A SIMPLE blood test could pinpoint which patients are unlikely to respond to treatment for a deadly type of childhood cancer, a new study by experts in Yorkshire has reported.
Researchers at Leeds University – funded by the charities Cancer Research UK and the Neuroblastoma Society – hope the test could help identify up to 20 per cent of children with “ultra high-risk” forms of the neuroblastoma, whose cancer tends to stop responding to treatment and rarely survive for longer than two years.
Around 100 children are diagnosed with neuroblastoma in the UK each year, usually in children aged five or under.
Despite the numbers of children surviving neuroblastoma rising from around 40 per cent in the 1980s to 60 per cent today, the majority of children have a high-risk form of the disease which is still very hard to treat.
Study leader Prof Sue Burchill, from the School of Medicine at Leeds University, said: “The blood test we are developing can help identify children with the most aggressive form of the disease early on, so they can be offered other experimental treatments.
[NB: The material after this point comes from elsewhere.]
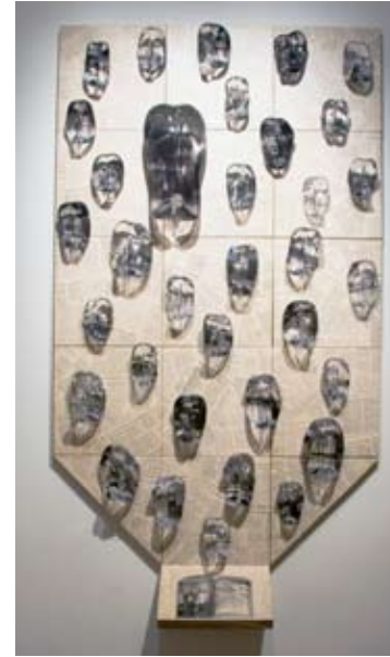
Pamina Traylor (American, born 1964), Tagged , glass and mixed-media, 2001–2004. Museum Purchase, World Art Fund, 2008.1

This extraordinary work required three years to complete and is a meditation on the nature of ethnic prejudice. Images are photo transferred onto solid-sculpted glass “tongues.” The majority of the photographs are altered reproductions of photos by Dorothea Lange, taken for the War Relocation Authority during the period that Japanese Americans were forcibly relocated to internment camps. The “book” shows a family photograph from the Topaz Internment Camp, with the artist’s mother shown as a young girl seated at the right. The newspaper clippings, primarily from The New York Times , are about recent ethnic prejudice directed against Arab Americans. All the clippings are from September 11, 2001 to 2004, when the work was completed. Tagged is being presented as part of the on-going Dialogues program in conjunction with The Art of Gaman .

“This not only gives them the best chance of living longer, but will help speed up the development of much needed new treatments for this group of children.”
Guy Blanchard, a research trustee at the Neuroblastoma Society, said: “This new research shows that simple blood biomarkers can help identify at diagnosis a group of children with stage four neuroblastoma for whom new kinds of treatment are urgently needed.
“Because this study is a collaboration in several European countries, the test has a better chance of being adopted more quickly and more widely.”
Kate Law, Cancer Research UK’s director of clinical research, said: “Being able to spot in advance which children have more aggressive forms of neuroblastoma will help us develop treatments faster and get these children onto clinical trials sooner.
“Cancer Research UK is funding trials into a number of promising new treatments which we hope will give more options for children with this devastating disease.”
The study was published last night in the Journal of Clinical Oncology.